It’s important for us to know when to slow down, take a break, and give ourselves a chance to recover.
Learning to recognise when it’s time to take our foot off the pedal is really important for not just us, but for the health of the relationships we have with others. Self-care is not only key to our own well-being, but equally as important for those we lead, work with, and hope to influence, as our care for others will be less effective when we neglect our own health.
Self-care isn’t selfish
Take for example the instructions given by an in flight air hostess who, in the case of an emergency, instructs passengers to put on their own oxygen mask before attending to anyone else. At first hearing, this could sound inconsiderate or even selfish, but then for one obvious reason it starts to make sense; if you die through lack of oxygen, you’ll be no good to anyone else.
The same applies for us in all areas of life. If we’re not well, we’re less likely to be able to care for the well-being of others. But despite seeing the logic in the importance of caring for ourselves, its not always easy.
When dedicated to something — whether in a personal or professional capacity — it’s easy to get so involved that we overlook our own health, stop looking after ourselves, and fail to see the signs that we’re at risk of burnout. And for those who are driven, goal focused, and who lean towards ‘working hard’, this can be even more difficult, as stopping can feel unnatural, ridden with guilt, and laden with other negative beliefs.
So, if you find yourself burning the candle at both ends, here are five signs that you may need to consider taking your foot off the pedal, having a break, and getting yourself back into working order:
#1. You don’t want to get out of bed
If when your alarm clock goes off, you feel more inclined to curl up under the duvet and hide than face the tasks of the day, you probably need to give thought to your emotional well-being.
#2. You have less patience than normal
Having less patience can often indicate a decrease in emotional capacity.
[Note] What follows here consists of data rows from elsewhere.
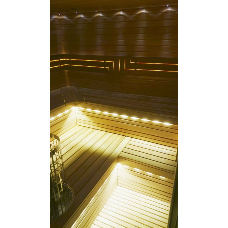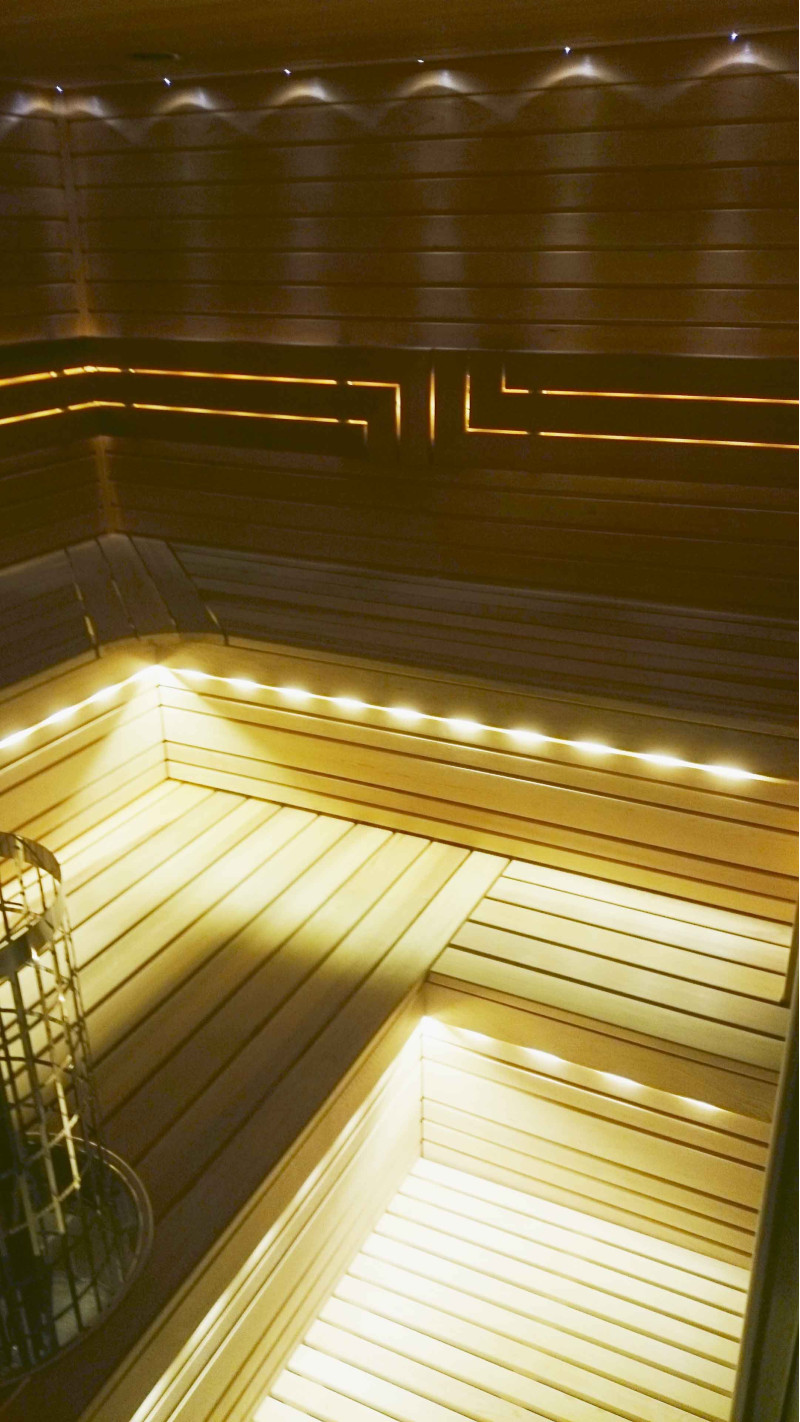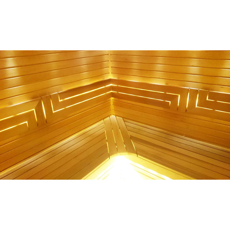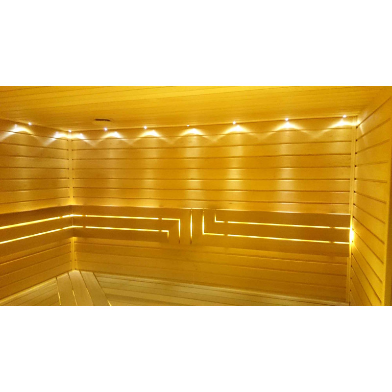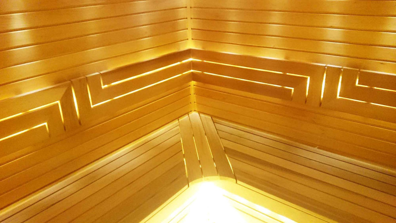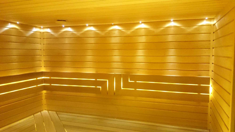 Tavanul este dotat cu iluminare LED exclusivă „Soare”, sub bănci și spătare sunt instalate benzi de iluminat cu LED, de culoare alb cald. Datorită luminii, se asigură o parte din efectul relaxant al saunei.
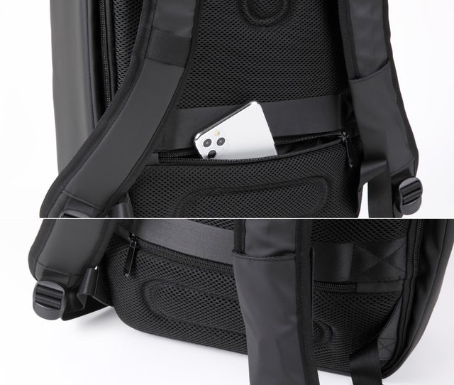 前側には、ファスナーポケット、オープンポケット+メッシュポケット。
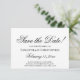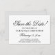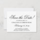 Este belo cartão Save the Date é simples, na moda, clássico e elegante. Ele apresenta letras de script antigas com tinta preta em um fundo branco. A parte traseira da placa é uma cinza pálida. Bonita, subestimada, mas eterno e formal.
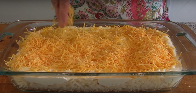 За 5 минут до готовности блюда достань запеканку из духовки и покрой ее тертым сыром. Затем снова поставь запеканку в духовку.

Whenever you start becoming snappy or irritated with those closest to you, or taking things personally, it’s worth looking at how you’re doing.
#3. You’re reverting to unhealthy habits
If you’re aware that you’ve had unhealthy habits or addictions in the past, and are finding yourself reverting back to them, then it may be that you’re using the instant gratification found in those behaviours to meet a deeper emotional need.
#4. You’re caring less about important things
When things get difficult its sometimes easier to bury our heads in the sand than it is to face life. Becoming distracted by activities not linked to our life goals and purpose, are often an indicator that we’re drifting, and in need of rest.
#5. You’re avoiding things you usually like
There will be a number of things that excite you. For example, meeting with friends or exercising. However, if you’re feeling less motivated to do them, or making excuses not to participate, you’ll likely find that you’re emotionally tired.
Some useful questions to ask yourself
In addition to considering the above five signs, some helpful questions to ask yourself if you’re wondering about your emotional well-being could include:
- Am I finding it harder to concentrate than normal?
- Am I feeling physically lethargic, tired, or exhausted?
- Am I feeling more cynical or critical about situations or people?
- Am I often feeling tearful or sad?
- Am I finding it hard to stay motivated?
Answering these questions honestly will help to give you an indication as to whether you need to simply take a break, or seek support for other conditions such as depression.
It’s important that we give thought to our care for self, as making self-care a regular and consistent practice is essential to our own health, and to the effectiveness of what we do both personally and professionally.
And making a start doesn’t have to be that difficult. In fact, you could simply start by taking the following steps:
- Take 10-15 minutes to assess how you really are (e.g. refer to the points and questions above)
- Identify some things that are consuming your emotional energy and apply the four D’s principle,
- Identify some things that bring you real contentment (e.g. exercise, pampering, prayer, walking in nature, listening to music),
- Schedule in time (actually put it in the diary, as you would a meeting) to do one or all of them,
- Keep your promise to yourself!
Practising self-care demonstrates a valuing of life and purpose
The benefits of choosing self-care are countless, including an improvement in our overall sense of well-being, our relationships with others, and our productivity. In pausing to assess our well-being, and going one step further to implement any necessary changes, we’re also acknowledging our mortality and helpfully reminding ourselves that we can’t do it all.
But most importantly, as we commit to assessing our wellbeing and choose to practise self-care, we make a statement of self-love that expresses the value we place on ourselves.
Which of the points most resonate with you, and when was the last time you practised self-care?